* What to produce: Lines containing the word "that" are to be copied from the data below.
** Extracted records follows **
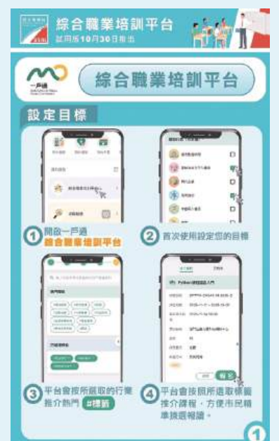
This undated poster provided by the Labour Affairs Bureau (DSAL) yesterday shows the enrolment process of the trial version of the "Integrated Vocational Training Platform".

The statement noted that the platform digitally integrates local
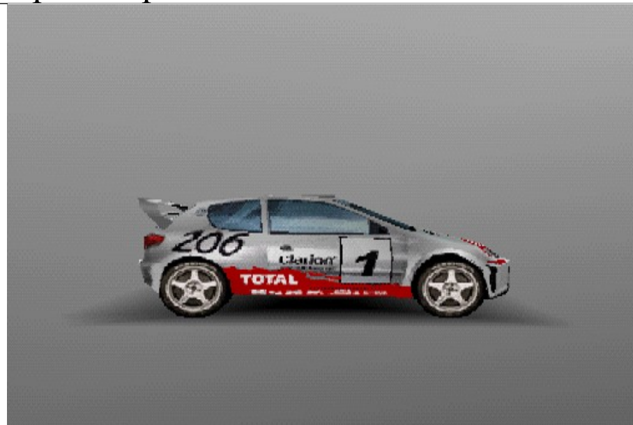
right game image
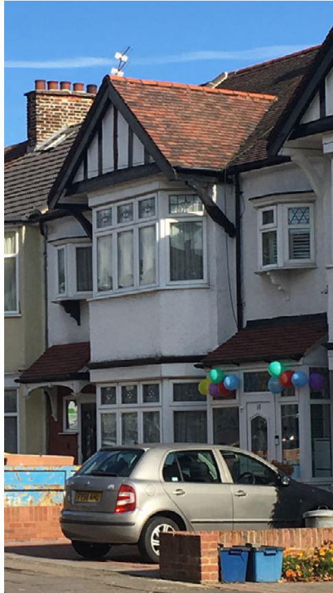
balloons on a front door that mean there's a party
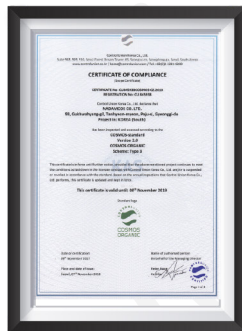
Certificate of COSMOS regarding to Respective items
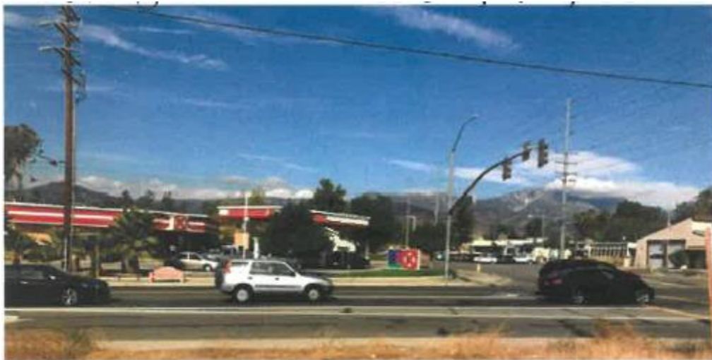
Figure 1 View North from Property
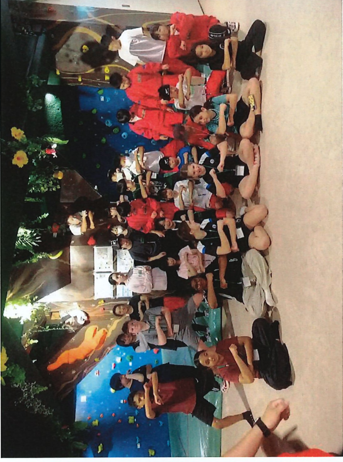
Rock climbing with Tatsuno Jnr High School students
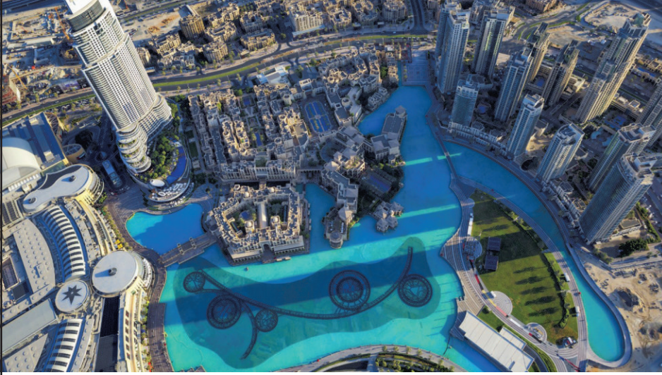
Dubai & Oman • Dates: February 1-11, 2020
** End of Extracted records **
* Result:
The statement noted that the platform digitally integrates local
balloons on a front door that mean there's a party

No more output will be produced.